Segment Start: Stored data

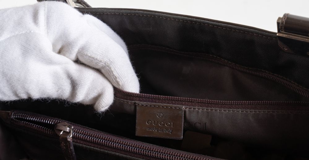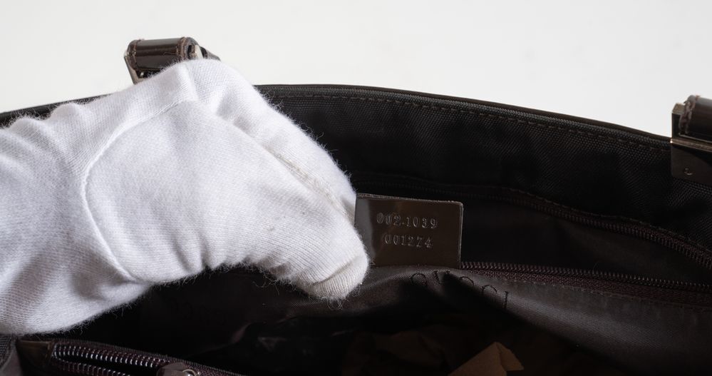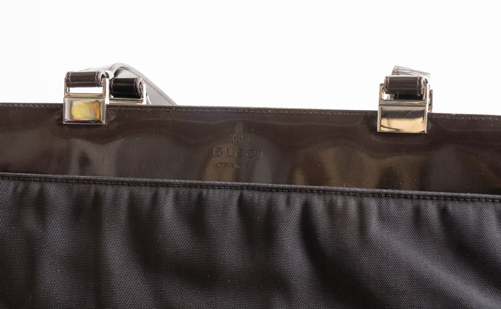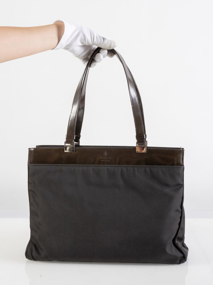 GUCCI Borsa in tela di nylon nera con dettagli in pelle verniciata marrone. Cm 29x38x13; altezza con manici cm 53. Dettagli in metallo argentato. Reca marchi Gucci Made in Italy. (lievi difetti)
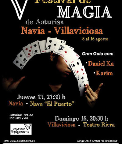 La quinta edición del Festival de Magia de Asturias se celebrará del 8 al 16 de agosto en las localidades de Navia y Villaviciosa. El festival está pensado para todos los públicos, pudiendo las familias al completo disfrutar de todos los espectáculos de magia programados.
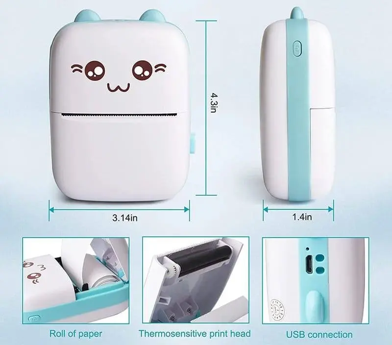 - La mini impresora de dibujos animados es muy linda, pequeña y ligera, y fácil de usar.
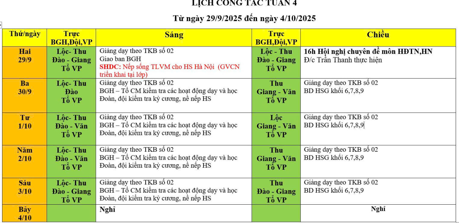 Lịch công tác Tuần 4 (từ ngày 29/9 đến 03/10/2025)
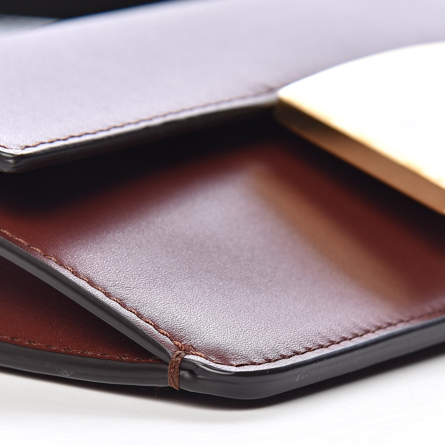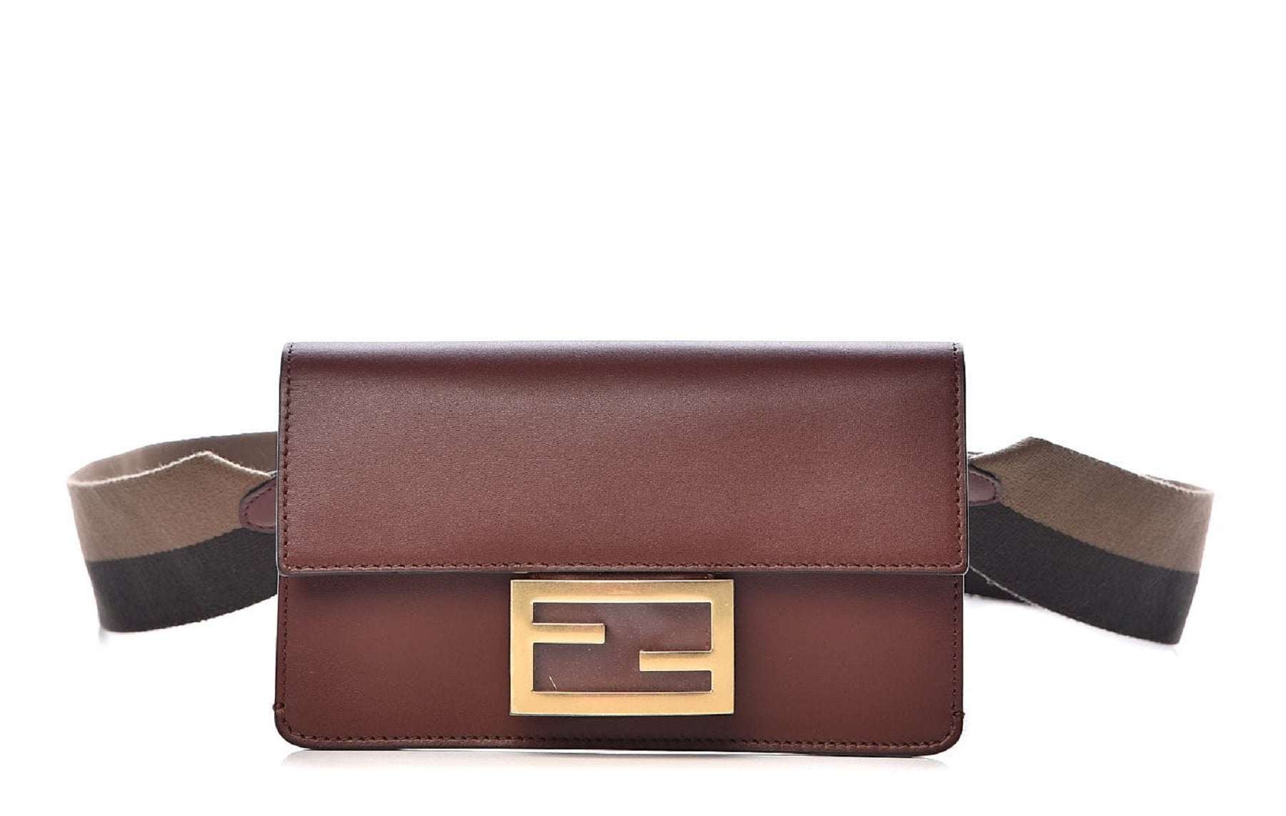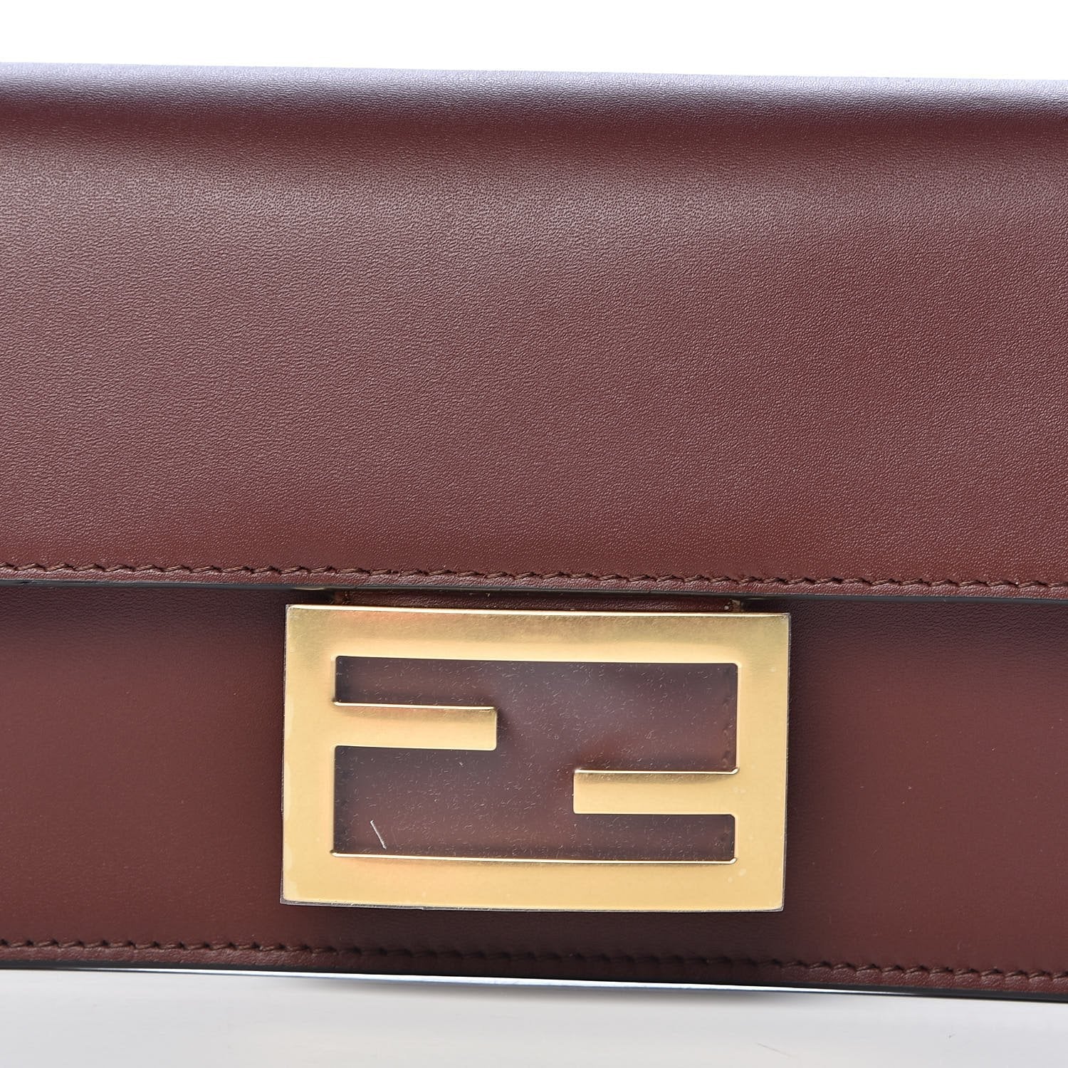 This beautiful shoulder bag is crafted of leather in brown. The bag features an antique gold Baguette logo on the front face. The magnetic snap closure opens to a brown suede lined interior with card slots. The detachable shoulder strap allows for this piece to be worn as a shoulder bag or clutch.
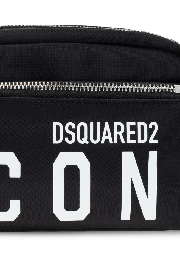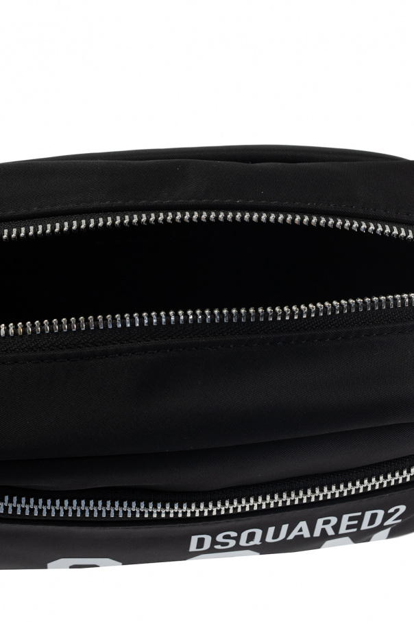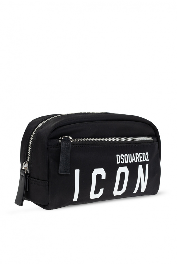 Black wash bag from Dsquared2. Fastened with a zip, this design features a zip fastening, white logo print, silver-tone metal hardware and one internal compartment with one zip pocket.
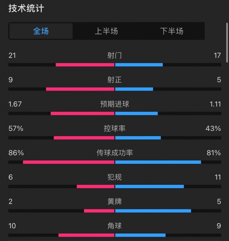 曼联1-2富勒姆全场数据:射门21-17,射正9-5,控球率57%-43%
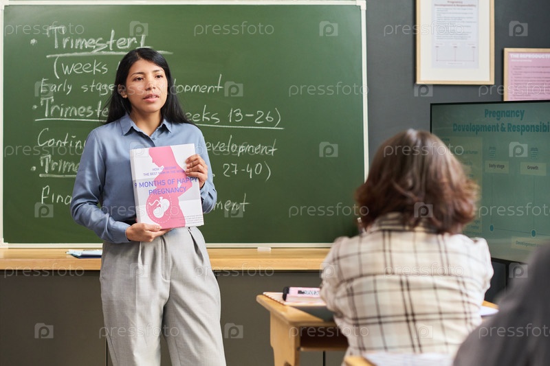 Молодая взрослая испаноязычная женщина преподает стадии беременности различным студентам
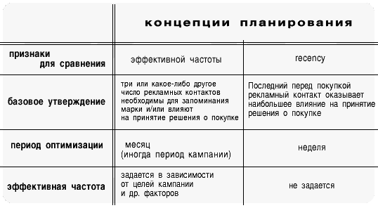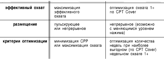 На первый взгляд концепция "recency" может показаться частным случаем концепции "эффективной частоты" для случая поддерживающей рекламной кампании "раскрученного" бренда. Однако это не так. В таблице 1 приводятся сравнительные характеристики двух концепций медиапланирования. Из таблицы видно, что оптимизация в рамках каждой концепции производится по разным критериям. В реальной ситуации получается, что концепция "эффективной частоты" предлагает более высокий уровень охвата, соответственно, бюджет расходуется несколько быстрее, чем в теории "recency". Это вынуждает нас использовать не непрерывное, а пульсирующее размещение, либо сокращать период рекламной кампании. Таким образом, в случае поддерживающей рекламной кампании "раскрученного" товара (при соблюдении вышеописанных характеристик товара) предпочтительнее придерживаться теории "recency".

Segment End: Stored data

→ **Activity**
Look above for the line containing "Lịch công tác", then write out every line from there down to the line containing "This beautiful shoulder", that line included, with no pictures.

→ **Task solution**
 Lịch công tác Tuần 4 (từ ngày 29/9 đến 03/10/2025)
 This beautiful shoulder bag is crafted of leather in brown. The bag features an antique gold Baguette logo on the front face. The magnetic snap closure opens to a brown suede lined interior with card slots. The detachable shoulder strap allows for this piece to be worn as a shoulder bag or clutch.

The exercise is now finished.